A Conservative MP who championed local industry, he later shifted focus to shaping national industrial policy from within academia.
Chris White's political journey took him from the council chambers of Warwick to the House of Commons and finally to the lecture halls of King's College London. Elected as MP for Warwick and Leamington in 2010, he carved a niche as a pragmatic Conservative with a keen focus on the economic engine of his constituency and the wider UK. He was a vocal advocate for manufacturing, steering a successful Private Member's Bill through Parliament that required government procurement to consider social and economic value, not just cost. After losing his seat in the 2017 election upset, White didn't retreat from policy; he redirected it. Taking up the role of Director at the Institute for Industrial Strategy, he moved from legislating to strategizing, working to define a coherent, modern industrial policy for Britain. His career reflects a consistent thread: a belief that thoughtful, strategic support for industry is central to national prosperity.
1965–1980
The latchkey kids. Raised during divorce, recession, and the end of the Cold War. Skeptical, self-reliant, media-literate. They invented indie culture, grunge, and the early internet — then watched the Boomers take credit.
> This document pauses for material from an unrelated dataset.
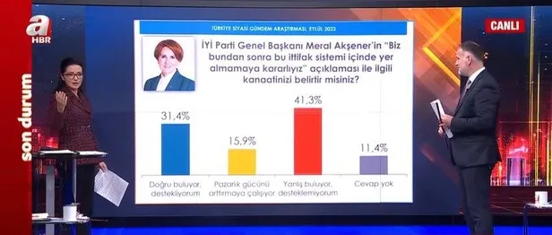 Vatandaşlara "İYİ Parti Genel Başkanı Meral Akşener'in "Biz bundan sonrası bu ittifak sistemi içinde yer almamaya kararlıyız" açıklaması ile ilgili kaanatinizi belirtir misiniz?" sorusu soruldu.

Chris was born in 1967, placing them squarely in the Generation X. The events that shaped this generation — economic uncertainty, the end of the Cold War, and the rise of personal computing — shaped the world they entered and the choices available to them.
The biggest hits of 1967
#1 Movie
The Jungle Book
Best Picture
In the Heat of the Night
#1 TV Show
The Andy Griffith Show
The world at every milestone
Summer of Love in San Francisco; first Super Bowl
Watergate break-in; last Apollo Moon mission
John Lennon shot and killed in New York
Internet adopts TCP/IP, creating the modern internet
Live Aid concerts raise money for Ethiopian famine
Pan Am Flight 103 bombed over Lockerbie
Princess Diana dies in Paris car crash; Harry Potter published
iPhone released; Great Recession begins
#MeToo movement; solar eclipse crosses the US
His 2012 Social Value Act was a rare example of a Private Member's Bill becoming law with significant impact on government contracting.
He defeated a sitting Labour MP in 2010 to win his parliamentary seat.
Before politics, he worked in marketing and communications for various companies.
“Our high streets need less red tape and more customers with money to spend.”